Copyright © 2012 Hindawi Publishing Corporation. This is an open access article distributed under the Creative Commons Attribution License, which permits unrestricted use, distribution, and reproduction in any medium, provided the original work is properly cited.

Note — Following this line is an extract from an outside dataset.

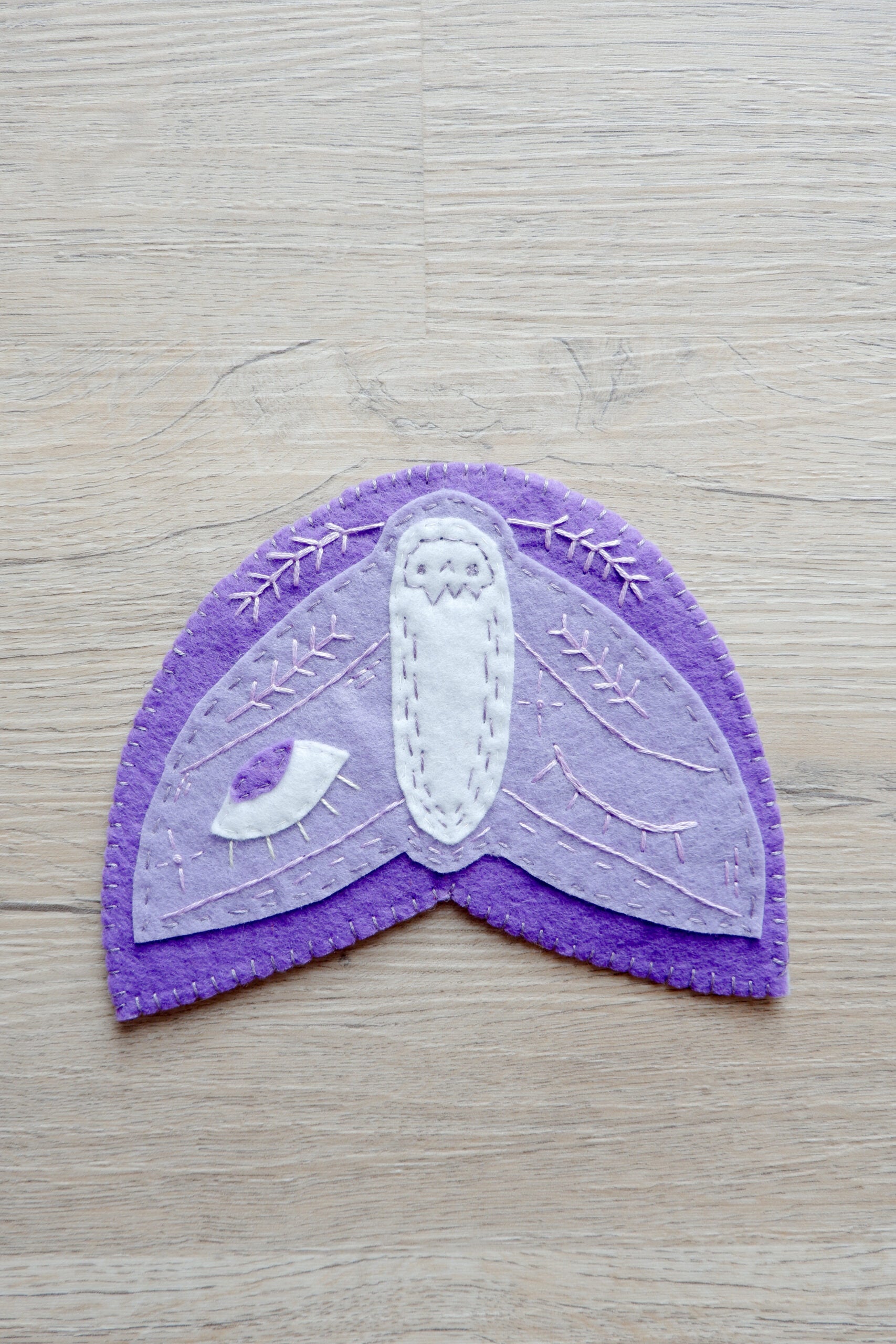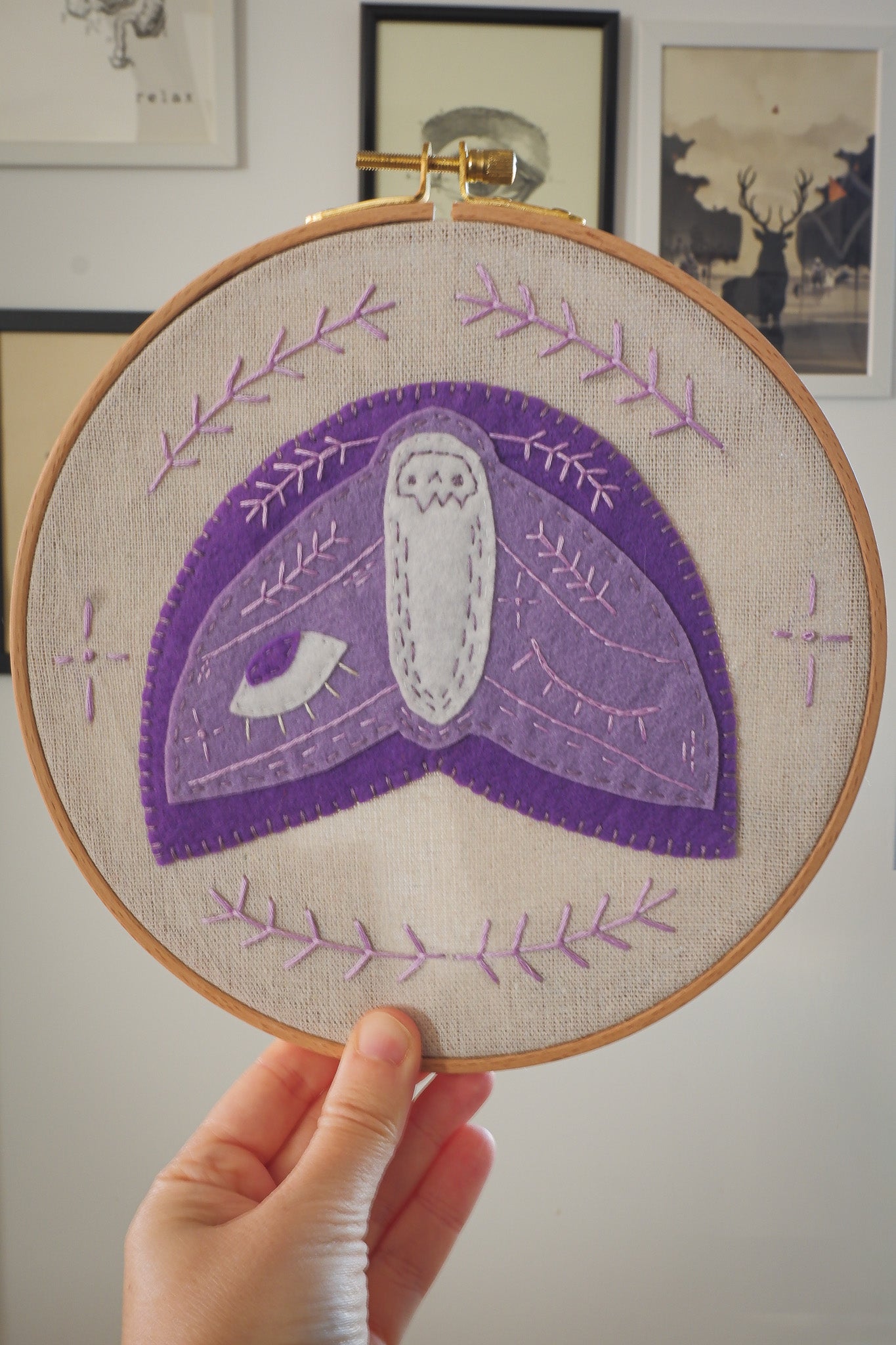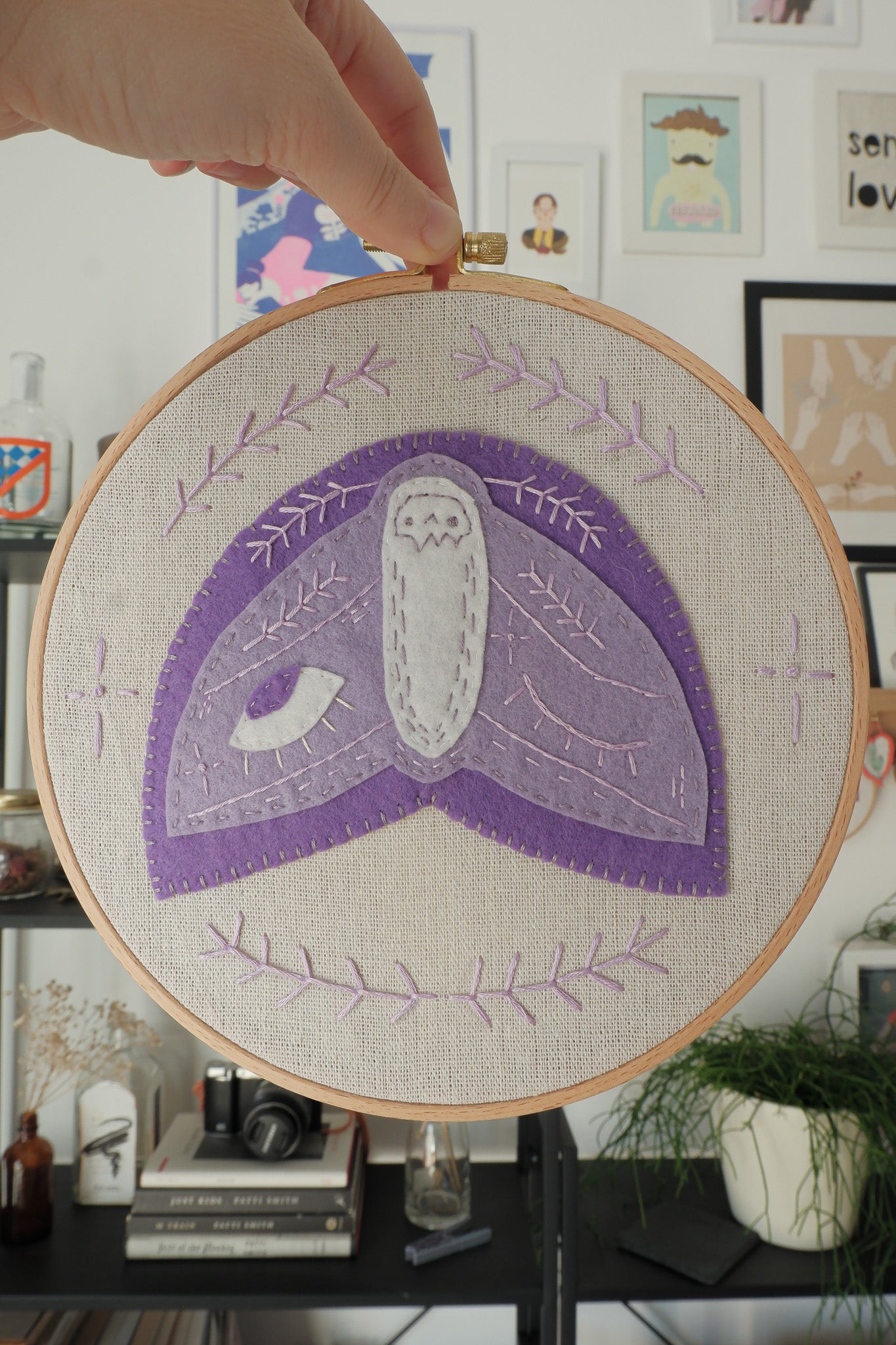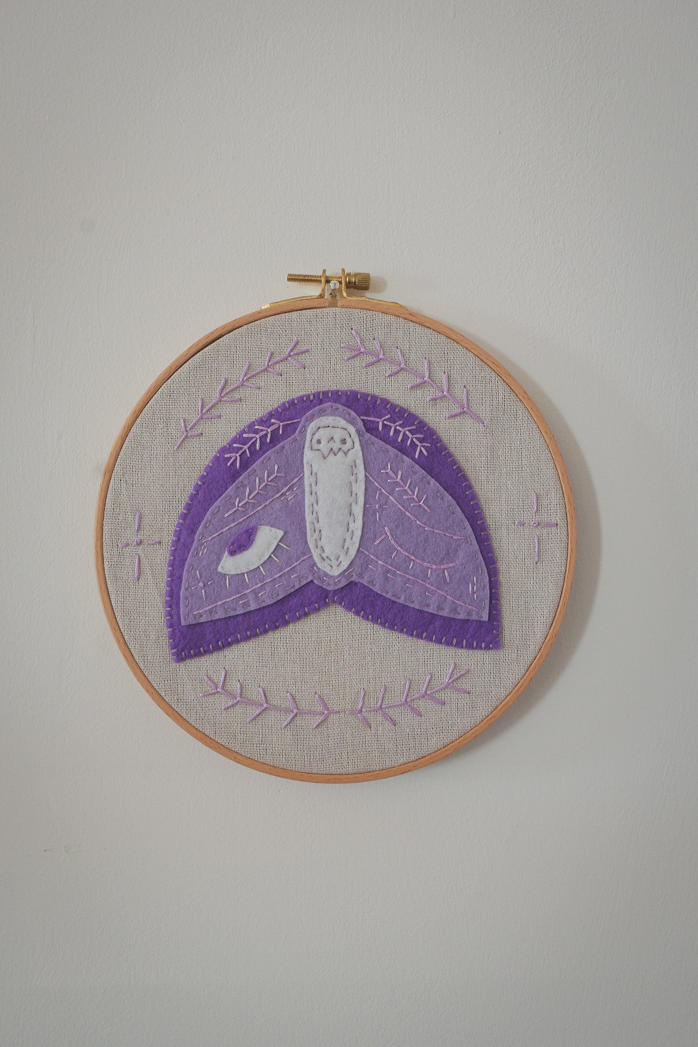 Falena ricamata a mano su pannolenci e cucita su tela. Montata sul cerchio da ricamo che può essere comodamente appeso direttamente a un chiodo o utilizzando del filo della lunghezza desiderata.

Studies have shown that the maternal risk for Down syndrome (DS) may be modulated by alterations in folate metabolism. The aim of this study was to evaluate the influence of 12 genetic polymorphisms involved in folate metabolism on maternal risk for DS. In addition, we evaluated the impact of these polymorphisms on serum folate and plasma methylmalonic acid (MMA, an indicator of vitamin B12 status) concentrations. The polymorphisms transcobalamin II (TCN2) c.776C>G, betaine-homocysteine S-methyltransferase (BHMT) c.742A>G, methylenetetrahydrofolate reductase (NAD(P)H) (MTHFR) c.677 C>T and the MTHFR 677C-1298A-1317T haplotype modulate DS risk. The polymorphisms MTHFR c.677C>T and solute carrier family 19 (folate transporter), member 1 (SLC19A1) c.80 A>G modulate folate concentrations, whereas the 5-methyltetrahydrofolate-homocysteine methyltransferase reductase (MTRR) c.66A>G polymorphism affects the MMA concentration. These results are consistent with the modulation of the maternal risk for DS by these polymorphisms.